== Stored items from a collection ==
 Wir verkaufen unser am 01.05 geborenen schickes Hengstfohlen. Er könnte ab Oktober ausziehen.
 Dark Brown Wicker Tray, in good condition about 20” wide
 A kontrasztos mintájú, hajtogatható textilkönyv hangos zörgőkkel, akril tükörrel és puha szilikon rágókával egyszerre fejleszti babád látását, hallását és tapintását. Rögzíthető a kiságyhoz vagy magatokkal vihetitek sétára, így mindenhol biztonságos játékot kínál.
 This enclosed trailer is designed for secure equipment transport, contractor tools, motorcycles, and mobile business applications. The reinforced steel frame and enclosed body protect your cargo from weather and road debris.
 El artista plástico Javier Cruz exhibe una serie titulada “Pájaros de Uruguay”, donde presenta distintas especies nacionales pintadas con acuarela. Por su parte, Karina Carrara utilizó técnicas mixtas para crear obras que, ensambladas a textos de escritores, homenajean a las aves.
* * *
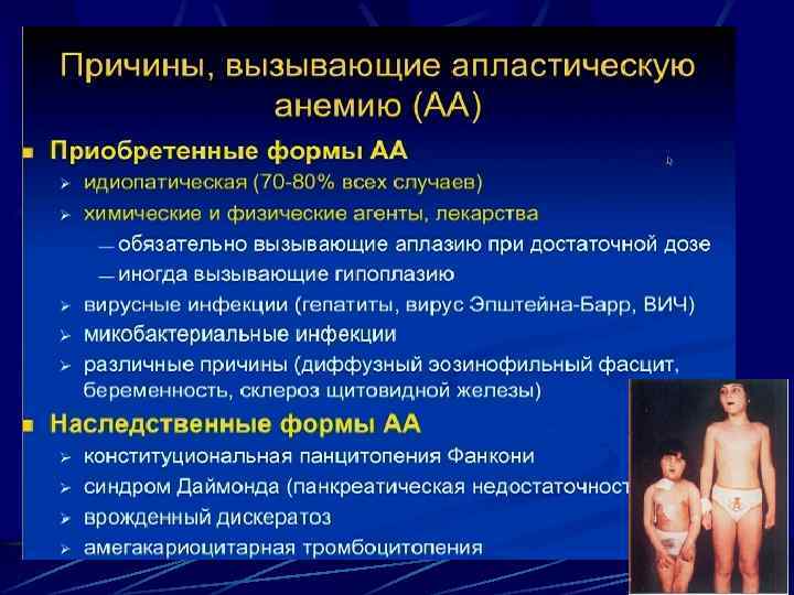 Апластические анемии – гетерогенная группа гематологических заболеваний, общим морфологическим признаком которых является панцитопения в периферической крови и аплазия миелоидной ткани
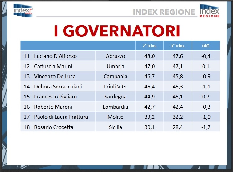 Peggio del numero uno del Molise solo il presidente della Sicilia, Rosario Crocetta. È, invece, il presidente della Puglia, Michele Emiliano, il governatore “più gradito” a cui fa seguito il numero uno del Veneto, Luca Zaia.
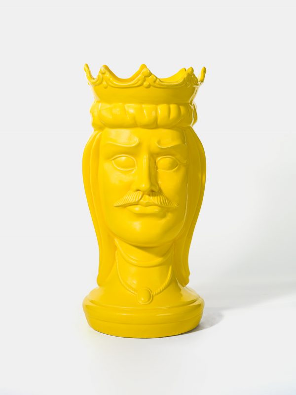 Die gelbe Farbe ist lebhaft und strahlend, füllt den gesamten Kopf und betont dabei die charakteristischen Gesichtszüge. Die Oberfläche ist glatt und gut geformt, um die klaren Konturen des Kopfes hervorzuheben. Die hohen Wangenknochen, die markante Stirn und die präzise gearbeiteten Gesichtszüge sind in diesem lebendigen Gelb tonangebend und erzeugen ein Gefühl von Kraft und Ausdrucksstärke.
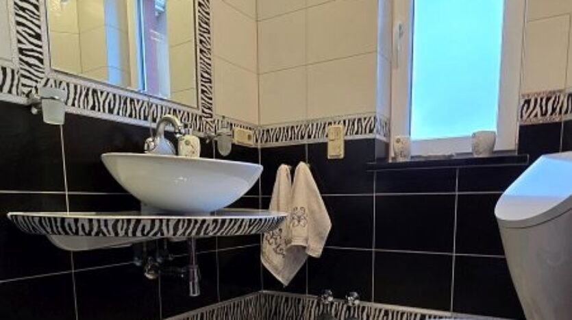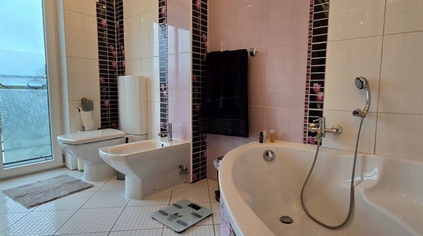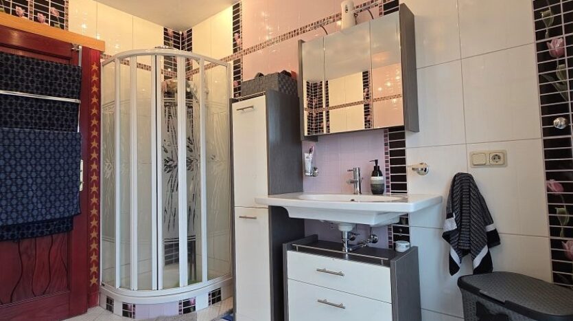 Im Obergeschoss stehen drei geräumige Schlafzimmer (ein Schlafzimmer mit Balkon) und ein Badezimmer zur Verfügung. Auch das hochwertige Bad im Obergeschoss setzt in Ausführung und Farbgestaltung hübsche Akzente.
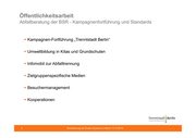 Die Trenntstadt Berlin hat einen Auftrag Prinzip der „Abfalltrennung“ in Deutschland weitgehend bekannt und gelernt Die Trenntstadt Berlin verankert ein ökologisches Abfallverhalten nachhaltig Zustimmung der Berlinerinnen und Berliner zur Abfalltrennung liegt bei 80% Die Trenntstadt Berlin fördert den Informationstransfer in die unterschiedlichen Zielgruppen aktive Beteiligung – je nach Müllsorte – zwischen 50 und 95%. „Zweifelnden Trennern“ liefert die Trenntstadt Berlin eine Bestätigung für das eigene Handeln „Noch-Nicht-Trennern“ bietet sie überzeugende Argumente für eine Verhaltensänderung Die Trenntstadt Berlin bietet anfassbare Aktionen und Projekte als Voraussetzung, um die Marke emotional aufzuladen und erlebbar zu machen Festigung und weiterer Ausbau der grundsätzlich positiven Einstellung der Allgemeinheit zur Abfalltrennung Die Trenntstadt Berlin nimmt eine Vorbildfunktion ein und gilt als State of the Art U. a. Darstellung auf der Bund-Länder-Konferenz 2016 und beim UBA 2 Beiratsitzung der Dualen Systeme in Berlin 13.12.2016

== What you have to do ==
Using the records above, copy word for word the line with "A kontrasztos mintájú, hajtogatható", the line with "El artista plástico", and every line between them.

== Task output ==
 A kontrasztos mintájú, hajtogatható textilkönyv hangos zörgőkkel, akril tükörrel és puha szilikon rágókával egyszerre fejleszti babád látását, hallását és tapintását. Rögzíthető a kiságyhoz vagy magatokkal vihetitek sétára, így mindenhol biztonságos játékot kínál.
 This enclosed trailer is designed for secure equipment transport, contractor tools, motorcycles, and mobile business applications. The reinforced steel frame and enclosed body protect your cargo from weather and road debris.
 El artista plástico Javier Cruz exhibe una serie titulada “Pájaros de Uruguay”, donde presenta distintas especies nacionales pintadas con acuarela. Por su parte, Karina Carrara utilizó técnicas mixtas para crear obras que, ensambladas a textos de escritores, homenajean a las aves.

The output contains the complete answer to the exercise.